Thanks! I second that problem: {N} being installed as npm module within the app. It could give very nice ability to host all your app source code in one repository, do single git clone, run a prep script and then build and have the app running.

This will save the need for having long list of "How to install, configure and run {N}" for any new user to such a repository. It won't eliminate the need of such doc, but it'll be much shorter.

In addition to that, it'll also eliminate the need to have multiple global {N} CLIs.

Now you can do almost the same (have a CLI as dev dependency), just a bit different structure:

root
|--nativescript (dev dependency of root project, not dev dependency of your app)
|--app

Agree that it will be nice if we also work with the case when structure is like this:

root
|--app
    |--node_modules
        |--nativescript

But we can't promise it will be in next release.

What we (with @donangel ) are trying to achieve is to use npm as build tool. For example:

package.json

{
    "nativescript": {
        "id": "com.foo.app",
        "tns-ios": {
            "version": "2.1.1"
        },
        "tns-android": {
            "version": "1.7.1"
        }
    },
    "dependencies": {
        "tns-core-modules": "^1.6.0"
    },
    "devDependencies": {
        "nativescript": "^1.6.0"
    },
    "scripts": {
        "postinstall": "tns platform add ios && tns platform add android",
        "emulate:ios": "tns emulate ios",
        "emulate:android": "tns emulate android",
        "start:ios": "tns run ios",
        "start:android": "tns run android"
    }
}

then

$ git clone foo
$ cd foo
$ npm install
$ npm start emulate:ios

It will be nice to avoid these questions as well:

? Do you want to visit the official documentation? No
? Do you want to run the setup script? No

@palavrov you see those massages only if tns doctor detect issues with your system.
Somewhere above those lines you should see info what is wrong.

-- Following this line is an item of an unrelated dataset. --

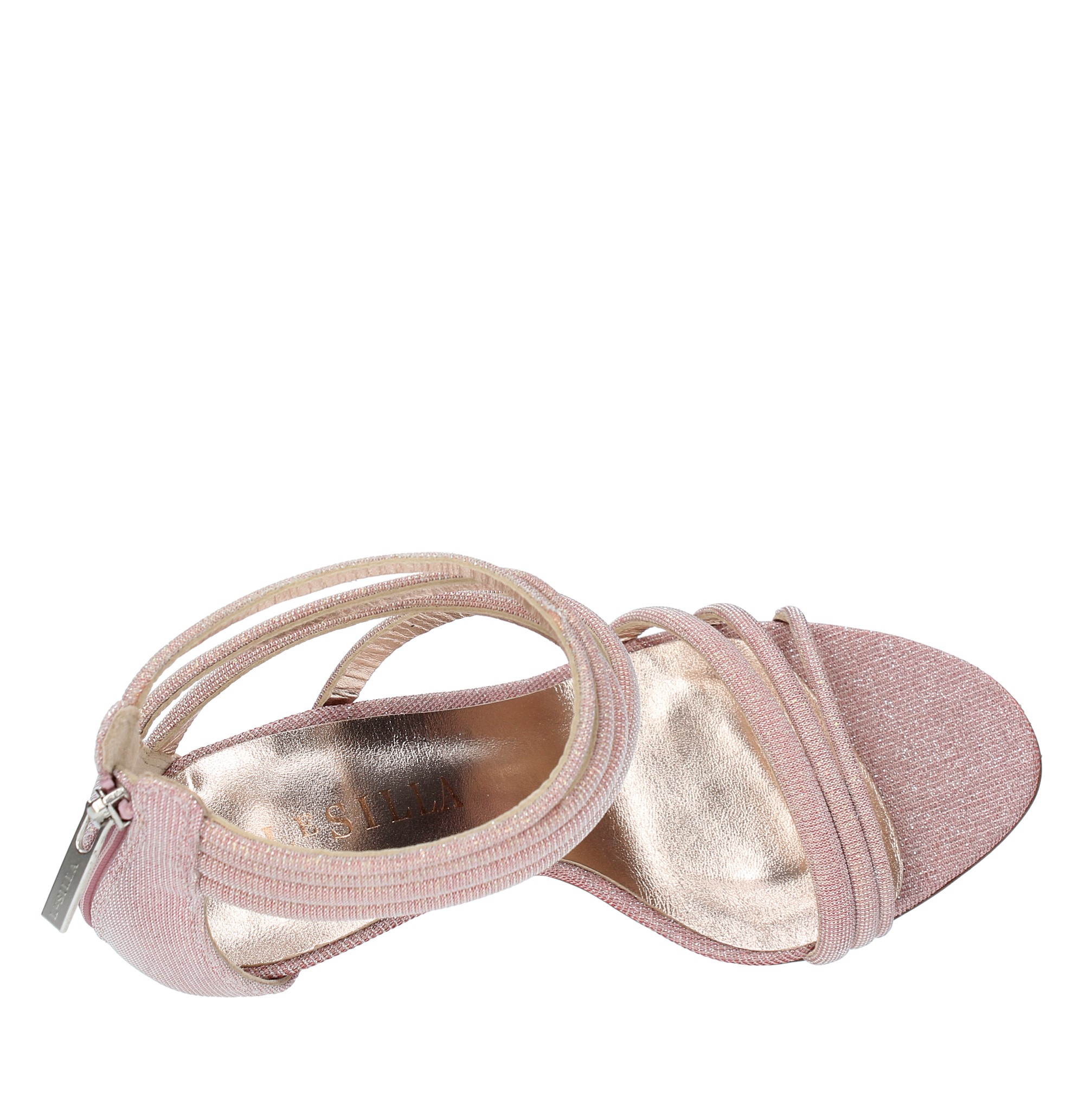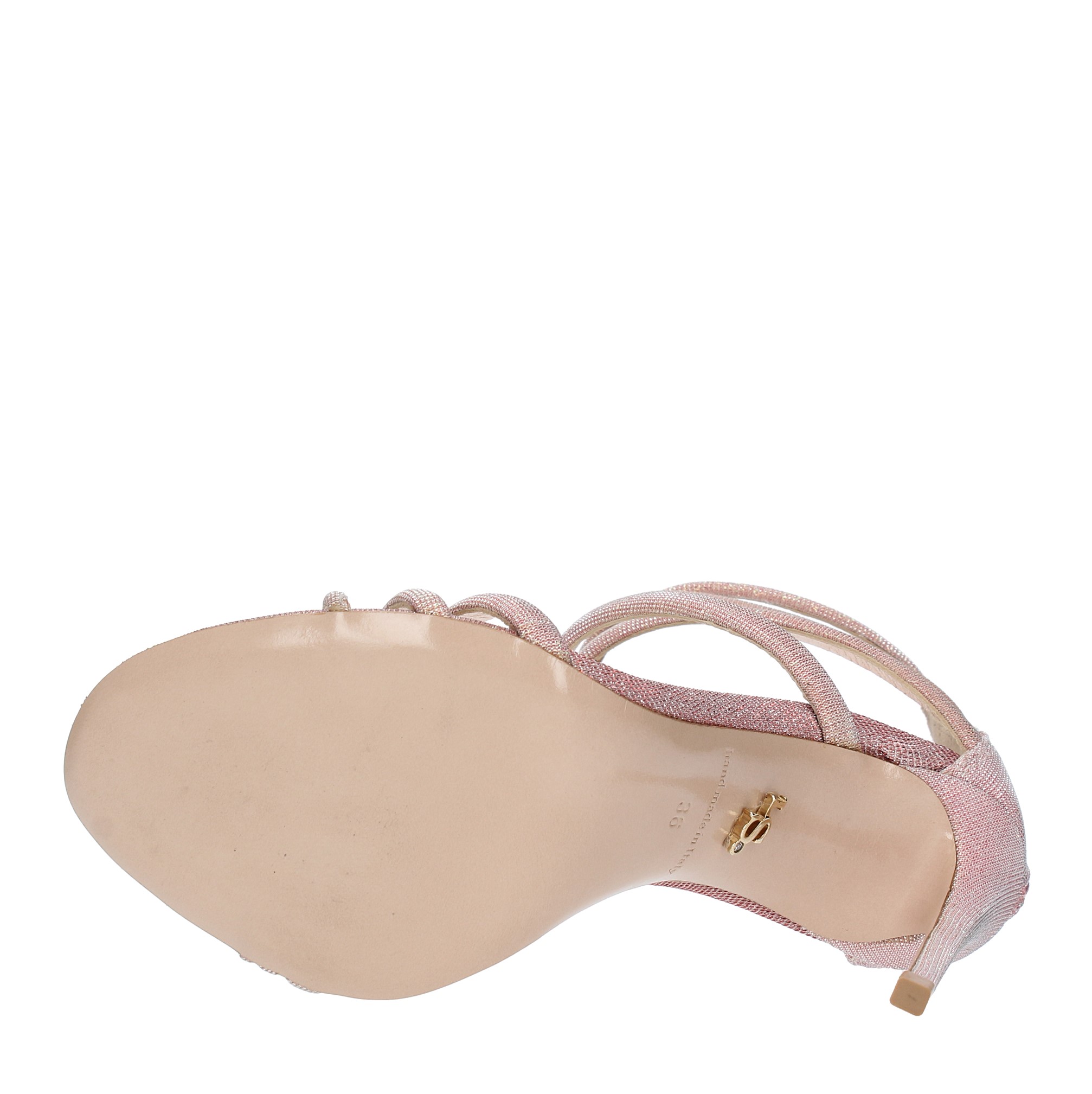 Sandalen van glitterstof. Buitenzool van leer en rubber. Intern bovenwerk van leer en stof.

Doctor is executed ans post install script when you install CLI, you can skip it (this will reduce install time with at least 30 seconds) if you install CLI with

npm install nativescript --ignore-script

Re original problem - we are aware and we will try to fix it in some of the releases after {N} 2.2.

@PeterStaev @donangel @palavrov It looks issue is fixed in {N} 3.0.0.

Testing with this steps:

tns create TestApp (global tns)
cd TestApp
npm install nativescript --save-dev
node_modules/.bin/tns run android -> looks OK
node_modules/.bin/tns run ios -> looks OK

Feel free to reopen if you still encounter some issues.